* [Work order]: Give back exactly the lines of the material below, starting with the line with "極美品 Christian Dior ラインストーン CD ロゴ イヤリング ゴールド" and going on through the line with "A Rare find.".
BEGIN Source information
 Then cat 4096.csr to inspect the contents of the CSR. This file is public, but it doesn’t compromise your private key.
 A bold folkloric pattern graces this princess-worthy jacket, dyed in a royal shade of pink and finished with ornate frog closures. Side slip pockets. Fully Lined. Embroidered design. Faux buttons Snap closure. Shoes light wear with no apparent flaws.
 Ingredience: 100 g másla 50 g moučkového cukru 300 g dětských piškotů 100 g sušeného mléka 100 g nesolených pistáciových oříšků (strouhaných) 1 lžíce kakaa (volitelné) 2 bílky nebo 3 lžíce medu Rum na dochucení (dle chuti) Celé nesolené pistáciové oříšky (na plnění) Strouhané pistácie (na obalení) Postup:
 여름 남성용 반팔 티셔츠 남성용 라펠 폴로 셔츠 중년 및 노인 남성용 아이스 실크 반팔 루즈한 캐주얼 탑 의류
END Source information
BEGIN Source information
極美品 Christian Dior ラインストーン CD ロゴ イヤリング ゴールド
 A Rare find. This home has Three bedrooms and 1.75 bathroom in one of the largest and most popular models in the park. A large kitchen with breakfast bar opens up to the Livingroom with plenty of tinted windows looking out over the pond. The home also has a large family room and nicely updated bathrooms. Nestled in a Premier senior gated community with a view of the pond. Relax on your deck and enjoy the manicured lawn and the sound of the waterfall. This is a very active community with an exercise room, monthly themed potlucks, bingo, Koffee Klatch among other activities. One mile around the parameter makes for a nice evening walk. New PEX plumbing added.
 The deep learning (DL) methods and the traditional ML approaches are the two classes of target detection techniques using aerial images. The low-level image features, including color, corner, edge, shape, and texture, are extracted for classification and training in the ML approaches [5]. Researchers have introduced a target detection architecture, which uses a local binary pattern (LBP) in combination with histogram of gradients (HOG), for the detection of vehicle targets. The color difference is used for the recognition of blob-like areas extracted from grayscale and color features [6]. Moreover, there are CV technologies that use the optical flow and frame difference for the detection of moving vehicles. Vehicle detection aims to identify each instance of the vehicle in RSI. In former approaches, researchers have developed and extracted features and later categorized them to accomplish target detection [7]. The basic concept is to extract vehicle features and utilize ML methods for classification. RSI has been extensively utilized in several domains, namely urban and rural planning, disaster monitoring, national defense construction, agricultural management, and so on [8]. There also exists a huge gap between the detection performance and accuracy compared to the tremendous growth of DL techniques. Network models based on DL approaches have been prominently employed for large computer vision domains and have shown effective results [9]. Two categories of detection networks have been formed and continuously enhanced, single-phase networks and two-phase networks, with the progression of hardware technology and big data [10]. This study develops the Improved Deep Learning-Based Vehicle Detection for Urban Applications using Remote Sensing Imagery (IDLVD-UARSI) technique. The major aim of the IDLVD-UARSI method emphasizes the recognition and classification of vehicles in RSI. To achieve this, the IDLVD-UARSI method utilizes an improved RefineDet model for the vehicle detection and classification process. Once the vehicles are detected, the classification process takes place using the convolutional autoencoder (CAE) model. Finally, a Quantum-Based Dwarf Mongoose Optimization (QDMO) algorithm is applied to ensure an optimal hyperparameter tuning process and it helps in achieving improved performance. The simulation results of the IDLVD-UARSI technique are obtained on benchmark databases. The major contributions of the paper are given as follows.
END Source information
* [Answer to this exercise]:
極美品 Christian Dior ラインストーン CD ロゴ イヤリング ゴールド
 A Rare find. This home has Three bedrooms and 1.75 bathroom in one of the largest and most popular models in the park. A large kitchen with breakfast bar opens up to the Livingroom with plenty of tinted windows looking out over the pond. The home also has a large family room and nicely updated bathrooms. Nestled in a Premier senior gated community with a view of the pond. Relax on your deck and enjoy the manicured lawn and the sound of the waterfall. This is a very active community with an exercise room, monthly themed potlucks, bingo, Koffee Klatch among other activities. One mile around the parameter makes for a nice evening walk. New PEX plumbing added.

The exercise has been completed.